The human brain operates as a fundamentally stateful system. Like state-space models such as Mamba or LSTMs, our neural networks maintain a self-contained “state” at each moment. However, the brain has additional complexity: activation spreads through networks with realistic time delays and decay functions. When you hear “lion,” activation doesn’t instantly appear everywhere but propagates gradually, weakening as it travels. This creates a natural temporal hierarchy where stronger, more direct connections win out over time as weaker signals fade.

Transformers work differently - they allocate expanding memory with each new token and lack built-in “decay.” Once information enters the context window, it remains equally accessible until pushed out entirely.

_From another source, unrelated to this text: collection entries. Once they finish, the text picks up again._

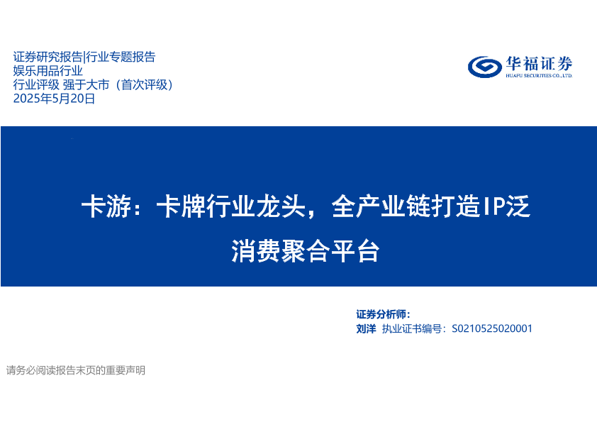 【华福证券】【20250520】娱乐用品行业专题报告:卡游,卡牌行业龙头,全产业链打造IP泛消费聚合平台-39页
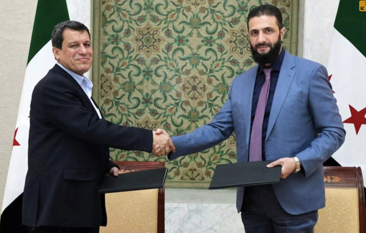 Mazlum Abdi ve Ahmed eş-Şara anlaşma sonrası el sıkışıyor, 10 Mart 2025. (Fotoğraf: SANA)
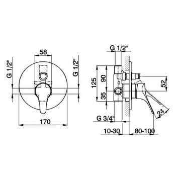 Einhebel-Brausebatterie Cisal M3000210 in verchromtem Messing

LLMs achieve similar competitive effects through attention weights and learned representations, but without the continuous temporal evolution that characterizes biological processing.

Toward More Brain-Like Models

These architectural differences reveal both the remarkable capabilities of current AI systems and the unique computational principles evolution has discovered in biological brains. What would it take to build more brain-like language models? Three key features seem essential:

Multimodality: Current models rely on text-derived inferences about sound, but humans have direct phonetic awareness - we explicitly recognize rhyme, meter, and phonological similarity. Models need intrinsic phonetic representations to properly capture inhibitory priming effects. The visual nature of many writing systems (like Mandarin characters) also remains largely unrepresented from tokenization schemes.²
Self-Contained Memory: Unlike transformers that expand their context window with each token, brains maintain fixed-capacity states that compress and update information. This self-contained approach allows persistent memory without unbounded growth.
Temporal Dynamics: Biological processing involves realistic time delays and decay - when you hear “lion,” activation propagates gradually through the network and weakens over time. This creates natural recency effects that determine priming strength. Transformers lack this temporal evolution, treating all context tokens as equally accessible.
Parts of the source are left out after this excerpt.